I still ride the fingerless gloves in all but winter, but I'm a relic from the 90s. I have 3 pairs: Bontrager, Pearl Izumi, and Specialized. I can't recommend a specific glove, as I've found that fit is a very personal thing and can vary even among brands. I'd suggest going to the LBS and trying some on. Make sure there aren't any spots that feel uncomfortable and buy a pair. If you're cheap like me, write the exact model down so you know what to look for online later (like winter when they have blowout sales).


----------



## Mad.Mtb (Aug 4, 2014)

I have a Specialized and Giro pair. Live in Phoenix so fingerless work for me. I have never tried full-finger gloves, but as my riding is getting more frequent, I would try them out.


----------



## Ladmo (Jan 11, 2013)

Full fingered all the time. In the heat, my fingers get sweaty and then start slipping off the bars. I have some old fingerless gloves, but haven't worn them in a couple years.


----------



## TwoTone (Jul 5, 2011)

For me point of wearing gloves is for some protect if I crash, so fingerless seems point less. So many full fingered that are still cool in summer that I just don't see a reason to go without.


----------



## Polishtea (Jan 6, 2014)

I wear fingerless gloves on my roadbike where full fingered gloves make it harder to grip properly. Gloves exist to protect, I'd never opt for fingerless on mountain bikes, I can still push all my phone buttons too. 

Even 100+ degree heat and 3,000ft climbing - I wear full fingered gloves and then put on a second pair when they soak through.


----------



## terrasmak (Jun 14, 2011)

I think my full finger gloves I wear for XC are lighter than my road gloves.


----------



## NordieBoy (Sep 26, 2004)

Polishtea said:


> Gloves exist to protect, I'd never opt for fingerless on mountain bikes, I can still push all my phone buttons too.

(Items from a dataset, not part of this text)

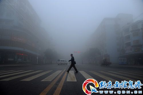 丹寨縣城龍泉大道,一名市民在濃霧中行走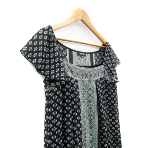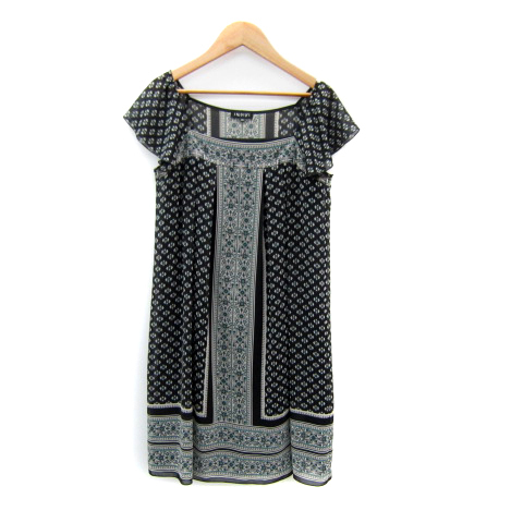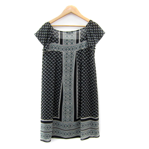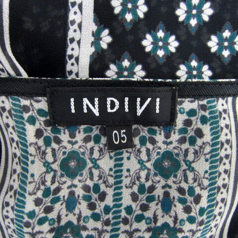 インディヴィ INDIVI ワンピース ひざ丈 半袖 総柄 ペチコート付き 2点セット 05 黒 ブラック 緑 グリーン /SY23 レディース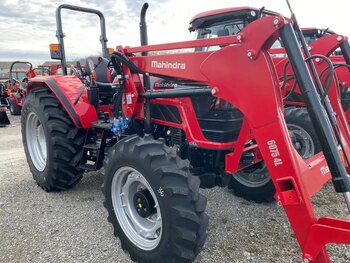 Power shuttle reverser, 71 Eng Hp, 15F & 15 R Transmission, 2 speed PTO (eco mode), Independent PTO (Live PTO), 11.1 GPM Implement pump, Total hydraulic flow 15.7 GPM, 3-point hitch Cat 1 and 2 3 point hitch, 3 pound lift capacity 4840 lbs, 140 Amp Alternator, Lower link latch for easy hook up, Length without loader 146.9 Inches, Width 82.68 Inches, Overall Height 115 Inches, Wheel Base 87.4 inches, Ground Clearance 14.1 inch, Turning radius 12.4 Inch, Weight without loader 7495 lbs, Ag Tire Size 11.2 X 24 16.9 X30 , Or Industrials 43 x 13-20 18.4-28, LOADER SPECS 78 " bucket, Max lift Height 133 Inches, Lift capacity to Max Height at pins 3550 lbs, Break out force 5000 lbs, Weight 1880 lbs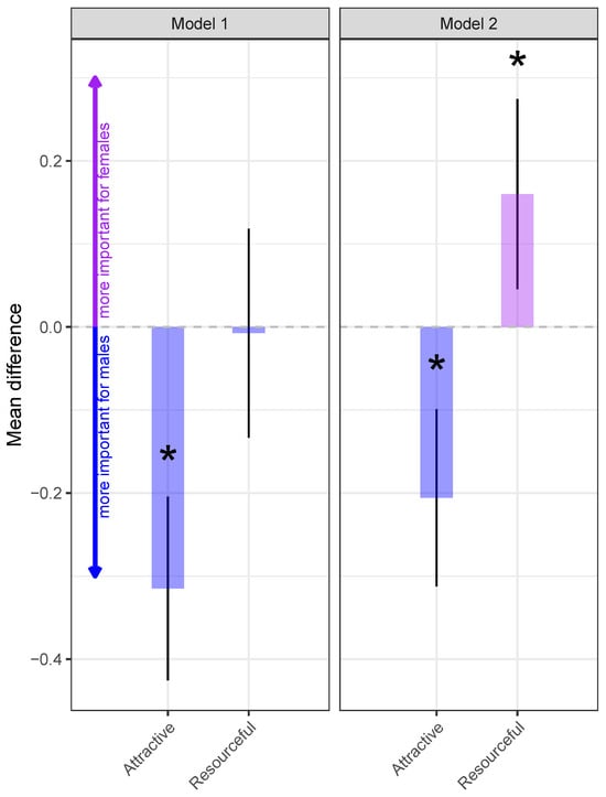 Comparison of men and women based on how important attractiveness and resourcefulness is for mate choice. Coefficients extracted from models 1 and 2 (see Table 3). * means statistical significance at alpha = 0.05.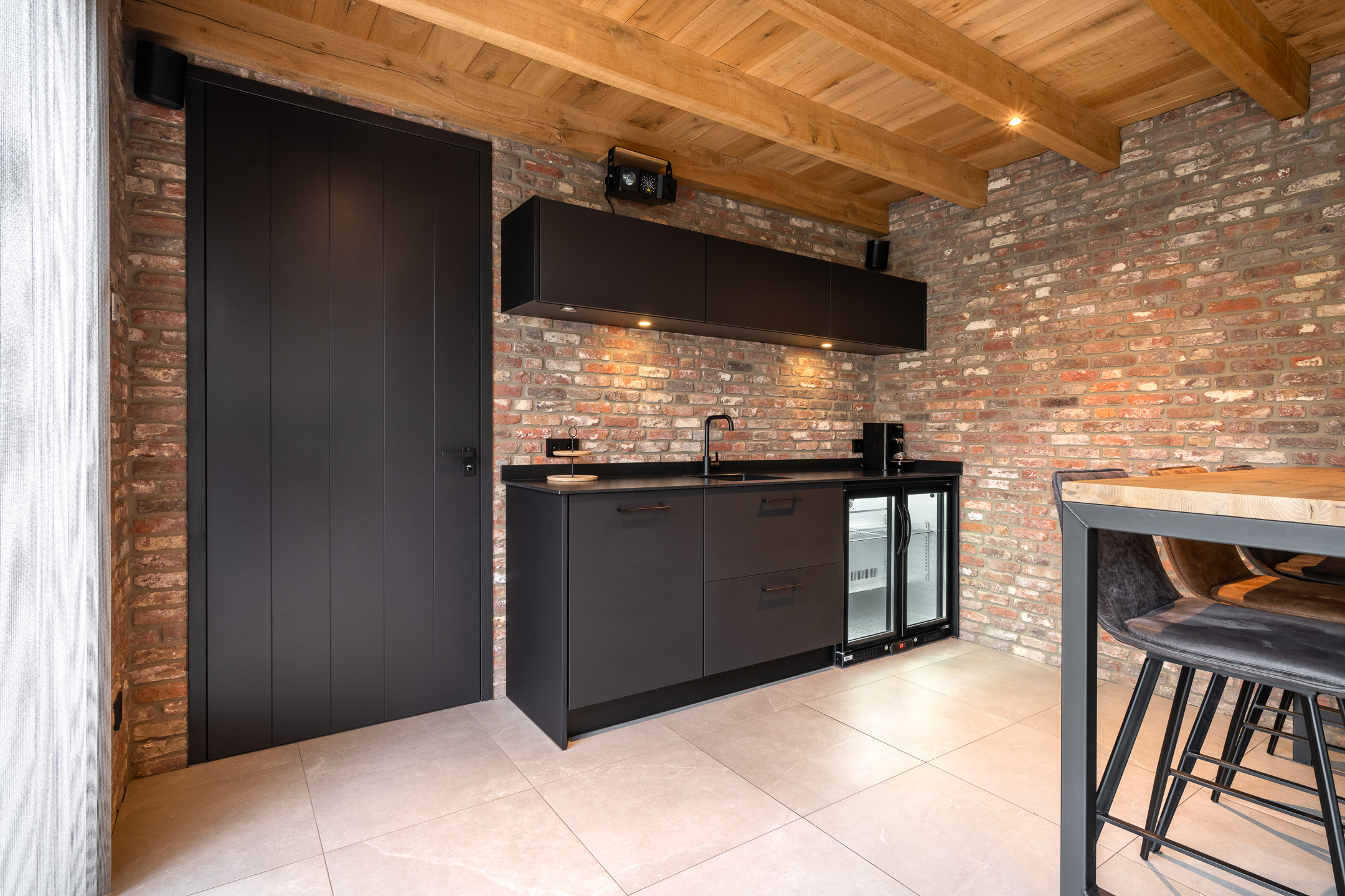 Situated in the garden is a fully insulated guesthouse, complete with a bar and restroom. This versatile space is ideal for use as guest accommodations, a home office, or a recreational area.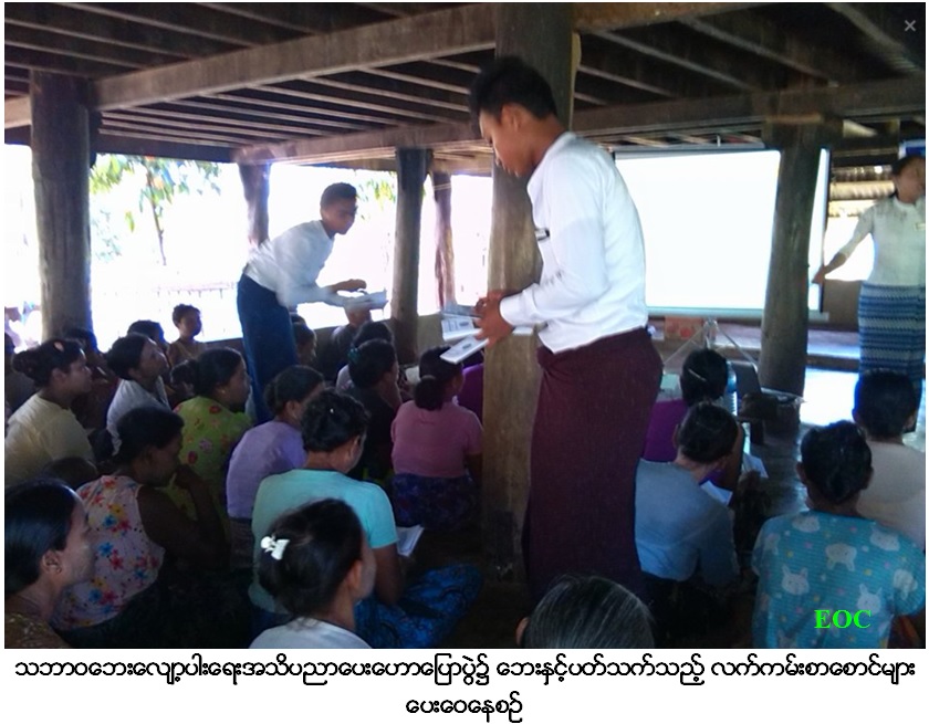 ကယ်ဆယ်ရေးနှင့်ပြန်လည်နေရာချထားရေးဦးစီးဌာန၊ မြောက်ဦးခရိုင်ဦးစီးမှူးရုံးမှ တာဝန်ရှိသူများသည် မြောက်ဦးမြို့နယ်၊ မဟာထီးကျေးရွာ အုပ်စုမဟာထီးကျေးရွာတွင် သဘာဝဘေးလျော့ပါးရေးအသိပညာပေးဟောပြောပွဲအား (၉-၆-၂၀၁၇) ရက်နေ့၌ ကျင်းပပြုလုပ်ခဲ့ ရာ ကျေးရွာသူ၊ ကျေးရွာသား စုစုပေါင်း (၁၀၂) ဦး တက်ရောက်ခဲ့ပြီး တက်ရောက်လာသူများအား သဘာဝဘေးမကျရောက်မီ၊ ကျရောက်နေစဉ်၊ ကျရောက်ပြီး နောက်ဆောင်ရွက်ရမည့် ဆောင်ရန်၊ရှောင်ရန်များကို ရှင်းလင်ပြောပြပေးခြင်း၊ လက်ကမ်းစာစောင်များ၊ နံရံကပ်ပိုစတာများဖြန့်ဝေပေးခြင်းနှင့် အချိုရည်ဗူးများပေးခြင်း စသည့်တို့ကိုဆောင်ရွက်ပေးခဲ့ကြောင်း သတင်းရရှိပါသည်။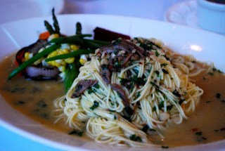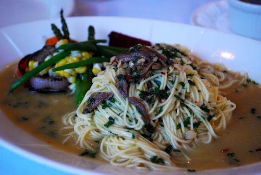 The pasta was supremely simple and delicious – Angel Hair with garlic and anchovies . Did I mention I was dining with a friend, not a date? Yeah, garlic!! Yeah, anchovies!! Bring it on…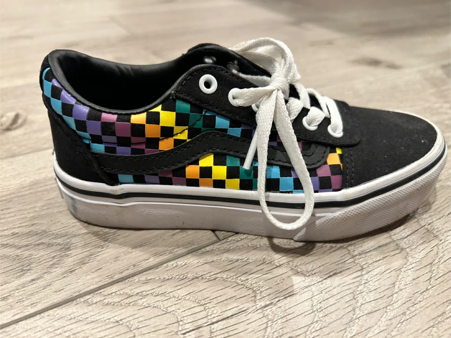Classic Vans sneakers featuring a black base with a colourful checkerboard pattern. These are a kid's size 13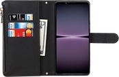 for Xperia 1 IV ケース for Sony Xperia 1IV SO-51C / SOG06 縄掛けケース 手帳型 財布型 ICカード コインポケット ストラップ付き カード 収納 小銭入れ ファスナーポケット付き PUレザー 6色 ブラック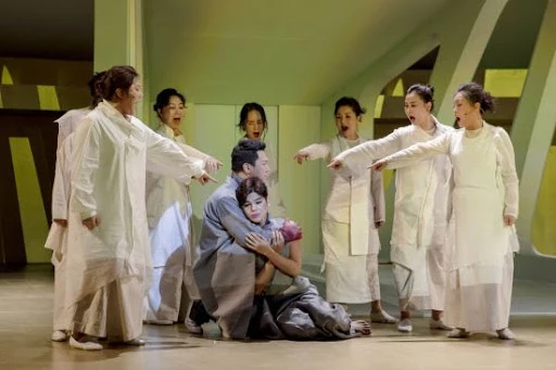 그렇다, 아름다운 여성 헬레네를 남자 배우가 연기한다. 위의 사진 속에서 정 가운데, 안겨있는 배우가 헬레네 역. 안고 있는 배우가 메넬라오스 역.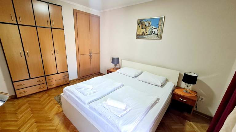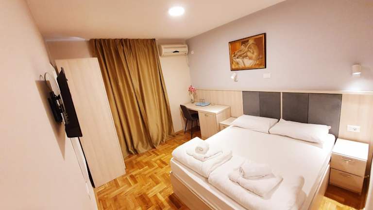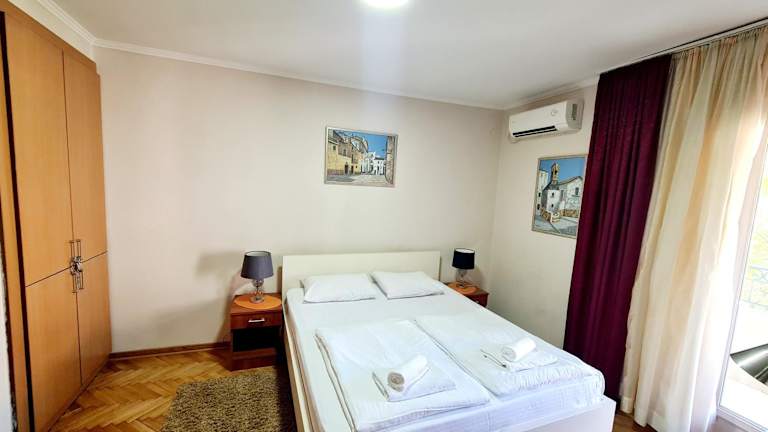 Verbringen Sie einen erholsamen Aufenthalt im Pier Apartment in Budva. Das Apartment bietet eine Terrasse und liegt nur 300 m vom nächsten Strand entfernt. WLAN nutzen Sie kostenfrei und die Unterkunft ist klimatisiert. Die Zimmer sind mit einem Flachbild-TV, einem Kühlschrank und einem Wasserkocher ausgestattet. Privatparkplätze stehen Ihnen ebenfalls zur Verfügung. Handtücher und Bettwäsche werden gestellt. Entdecken Sie die schönen Strände von Budva, darunter auch der Strand Mogren und der Strand Jaz. Der Flughafen Tivat ist nur 16 km entfernt.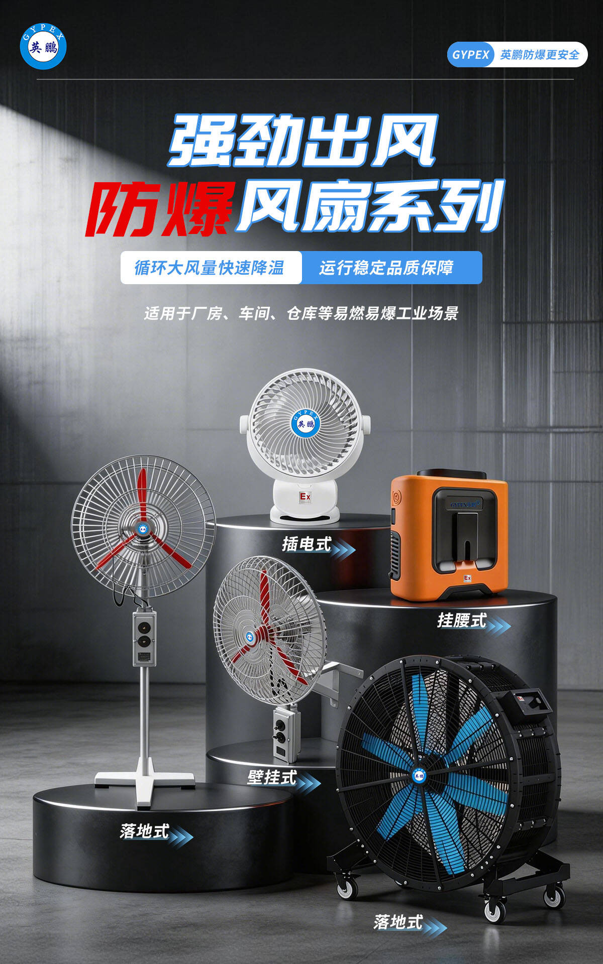 英鹏防爆风扇系列产品是专为存在爆炸性气体、蒸汽、粉尘或易燃易爆物质的危险场所设计的通风降温设备。产品严格遵循国家防爆电气标准,通过隔爆型、增安型等复合防爆技术,确保设备在运行过程中不成为点燃源,为危险环境提供安全、可靠、高效的通风。

For me, gloves are only for grip.
I love my Specialized BG fingerless on the CX bike, but the palms slip on the carbon bar ends on the MTB.


----------



## tubbnation (Jul 6, 2015)

I dig the Garneau fingerless gloves I use. Think they're actually roadbike gloves. In any case, for me, grip is a big part of it, but I also like having a bit of padding at the palm. There's also a couple of little tabs to get them off without any hassle.


----------



## aski (Oct 12, 2006)

I've had good luck using various weight lifting gloves I come across on clearance.


----------



## jcd46 (Jul 25, 2012)

woodchips said:


> I dig the Garneau fingerless gloves I use. Think they're actually roadbike gloves. In any case, for me, grip is a big part of it, but I also like having a bit of padding at the palm. There's also a couple of little tabs to get them off without any hassle.


I just converted to fingerless but they just arrived. Are these what you got? They will have their first test tomorrow. They fit well, they were dirt cheap lol and have some padding on the palm. I went cheap since I'm not sure I'll get used to them but given them a try.


----------